The API pricing is notable too: they dropped the prices by half from the old Mistral Small - that one was $0.20/million tokens of input, $0.60/million for output.

The new Mistral Small 3 API model is $0.10/$0.30.

For comparison, GPT-4o-mini is $0.15/$0.60.

85392_school 1 year ago | | |

Competition will likely be cheaper. (For context, Deepinfra runs larger 32B models at $0.07/$0.16)

isoprophlex 1 year ago | |

I make very heavy use of structured output (to convert unstructured data into something processable, eg for process mining on customer service mailboxes)

Is it any good for this, if you tested it?

I'm looking for something that hits the sweet spot of runs locally & follows prescribed output structure, but I've been quite underwhelmed so far

enkrs 1 year ago | | |

I thought structured output is a solved problem now. I've had consistent results with ollama structured outputs [1] by passing Zod schema with the request. Works even with very small models. What are the challenges you're facing?

[1] https://ollama.com/blog/structured-outputs

the_mitsuhiko 1 year ago | | |

I get decent JSON from it quite well with the "assistant: {" trick. I'm not sure how well trained it is to do JSON. The template on ollama has tools calls so I assume they made sure JSON works: https://ollama.com/library/mistral-small:24b/blobs/6db27cd4e...

starik36 1 year ago | | |

The only model that I've found to be useful in processing customer emails is o1-preview. The rest of the models work as well, but don't get all the minutia of the emails.

My scenario is pretty specific though and is all about determining intent (e.g. what does the customer want) and mapping it onto my internal structures.

The model is very slow, but definitely worth it.

d4rkp4ttern 1 year ago | | |

It does decently well actually. You can test function-calling using Langroid. There are several example scripts you could try from the repo, e.g.

    uv run examples/basic/tool-extract-short-example.py --model ollama/mistral-small

sample output: https://gist.github.com/pchalasani/662d7f13dbe690d6e2bfef01c...

Langroid has a ToolMessage mechanism that lets you specify a tool/fn-call using Pydantic, which is then transpiled into system message instructions.

mohsen1 1 year ago | | |

See function calling being called out here

https://huggingface.co/mistralai/Mistral-Small-24B-Instruct-...

mercer 1 year ago | | |

I've found phi4 to be very good for this.

rkwz 1 year ago | | |

What local models are you currently using and what issues are you facing?

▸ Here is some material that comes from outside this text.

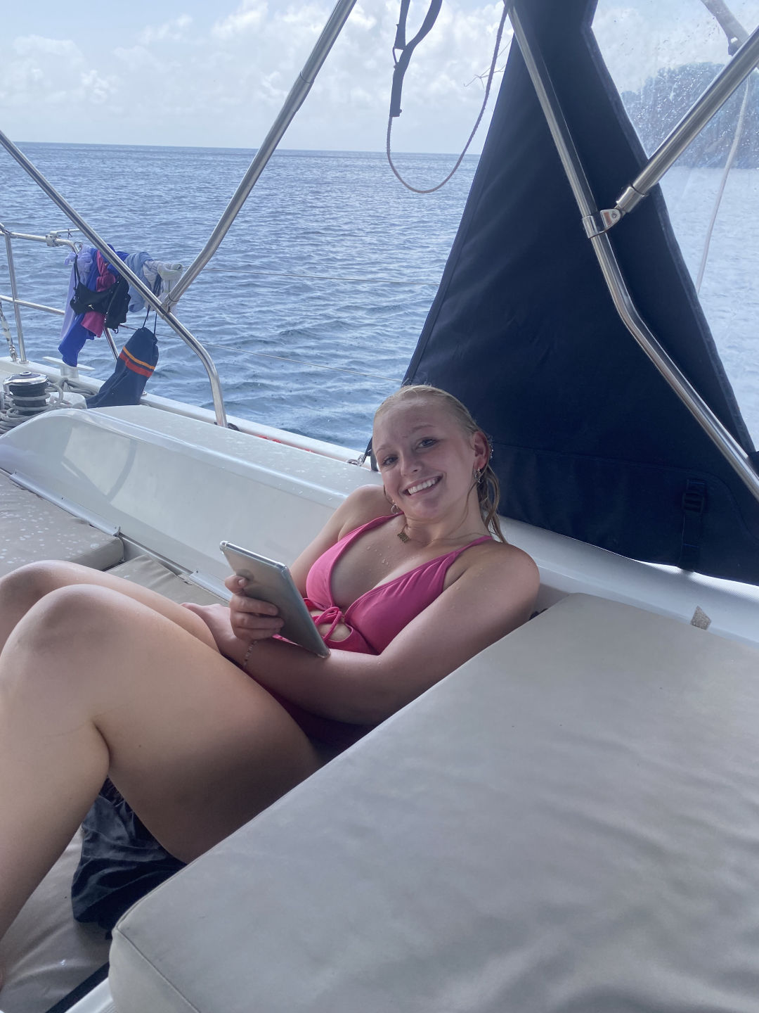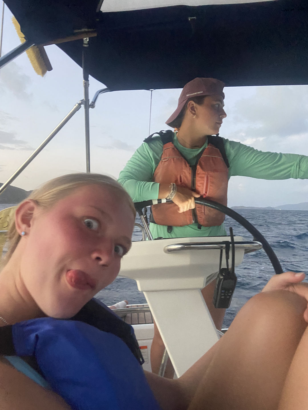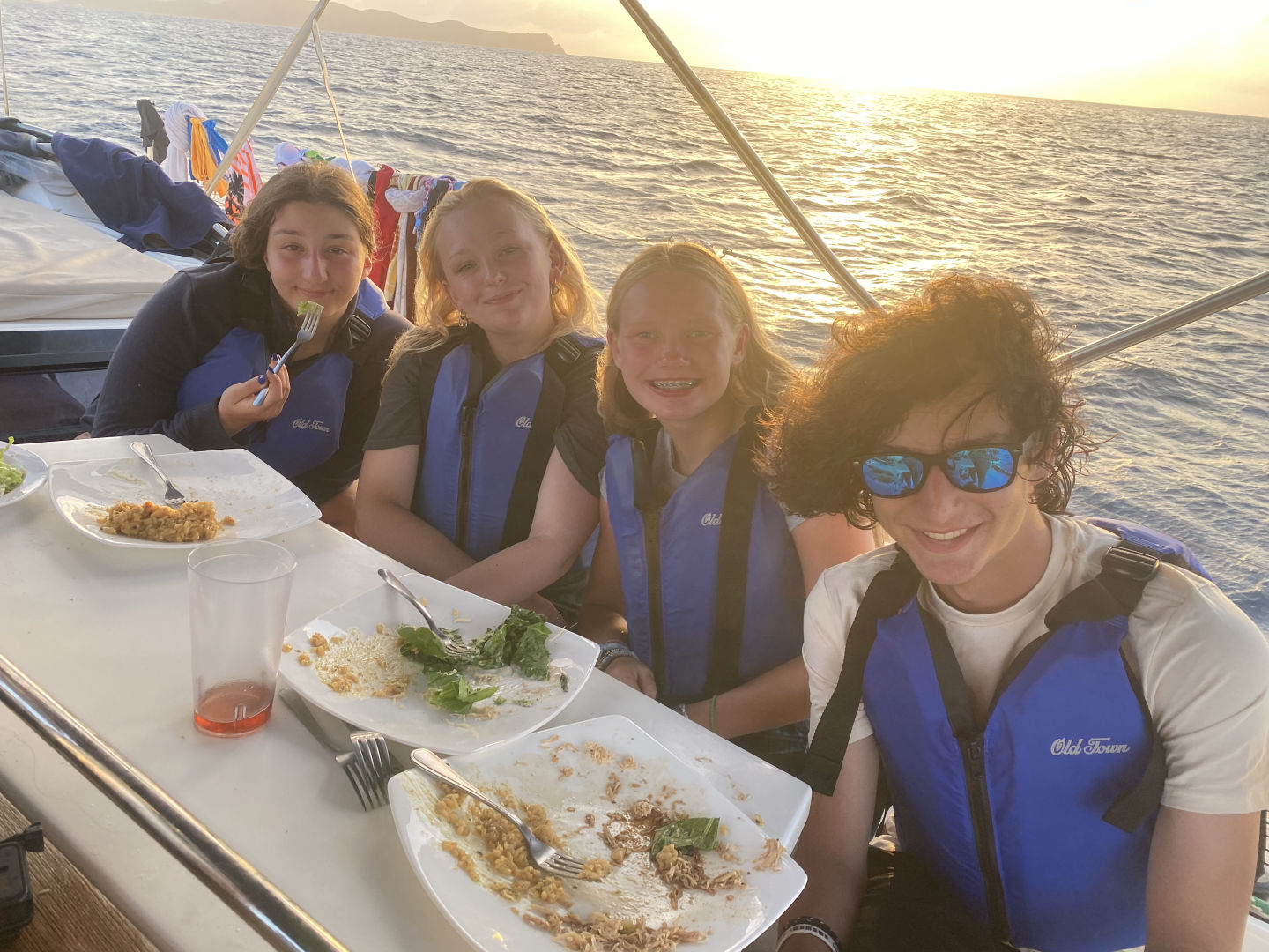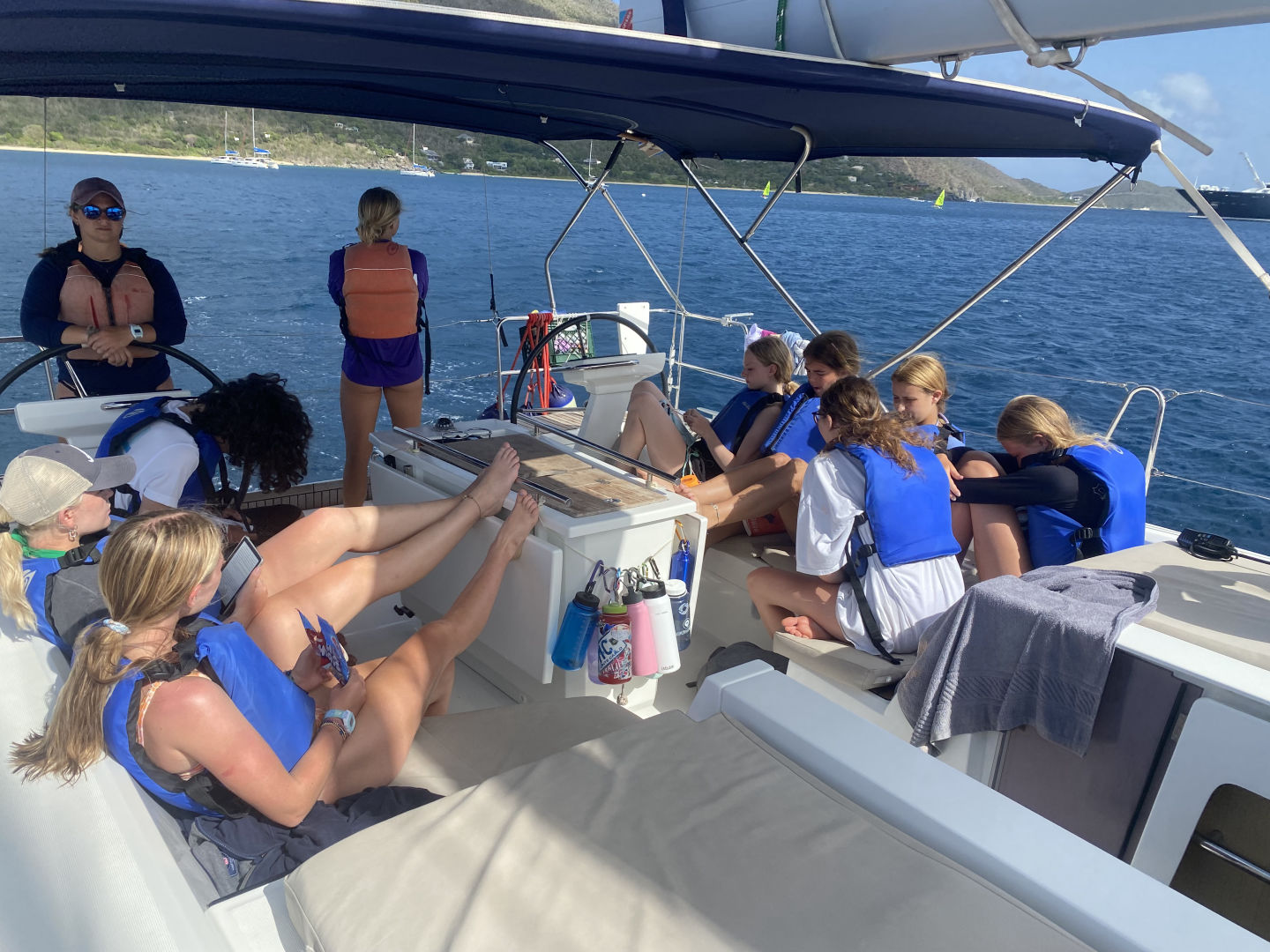 Today had a relaxing start for most of us because we had to wait for Sariah to get stitches in her toe. Sariah had to be shuttled to Spanish Town, and it took some time, but the rest of us made some fun of the time we got. We jumped off the side of the boat to swim, nap, read, and snack a little. After Sariah returned all better from the clinic, we were able to set sail to the Dog Islands to snorkel. Leo, Will, and Zaver found many fish and rocks, while Peyton, Thea, and Chloe saw coral that was super colorful. While Lina and Sariah were hanging out on the dink above where we snorkeled, they could see a sting ray hovering at the bottom. Not only did we see fish and coral, but we saw flounder, squid, and a conch shell with a huge hermit crab living inside of it. Once we returned to the monohull and dinner was finished, we were able to set sail and eat underway. The sunset behind us, as we sailed, was beautiful. We are now on a mooring ball where we will spend the rest of the night. Lily and Kiera are currently tossing around a towel and making jokes with the rest of the girls on the couch below deck, and we are about to squeeze and go to bed. Almost halfway done :(.

halyconWays 1 year ago | |

Maybe I'm an outlier but I don't see much value in running tiny local models vs. using a more powerful desktop in my house to host a larger and far more usable model. I run Open WebUI and connect it to my own llama.cpp/koboldcpp that runs a 4-bit 70B model, and can connect to it anywhere easily with Tailscale. For questions that even 70B can't handle I have Open WebUI hit OpenRouter and can choose between all the flagship models.

Every time I've tried a tiny model it's been too questionable to trust.

kamranjon 1 year ago | | |

Have you tried Gemma 27b? I’ve been using it with llamafile and it’s pretty incredible. I think the winds are changing a bit and small models are becoming much more capable. Worth giving some of the smaller ones a shot if it’s been a while. I can run Gemma 27b on my 32gb MacBook Pro and it’s pretty capable with code too.

pks016 1 year ago | |

Question for people who spent more time with these small models. What's a current best small model to extract information from a large number of pdfs? I have multiple collection of research articles. I want two tasks 1) Extract info from pdfs 2) classify papers based the content of the paper.

Or point me to right direction

themanmaran 1 year ago | | |

Hey this is something we know a lot about. I'd say Qwen 2.5 32B would be the best here.

We've found GPT-4o/Claude 3.5 to benchmark at around 85% accuracy on document extraction. With Qwen 72B at around 70%. Smaller models will go down from there.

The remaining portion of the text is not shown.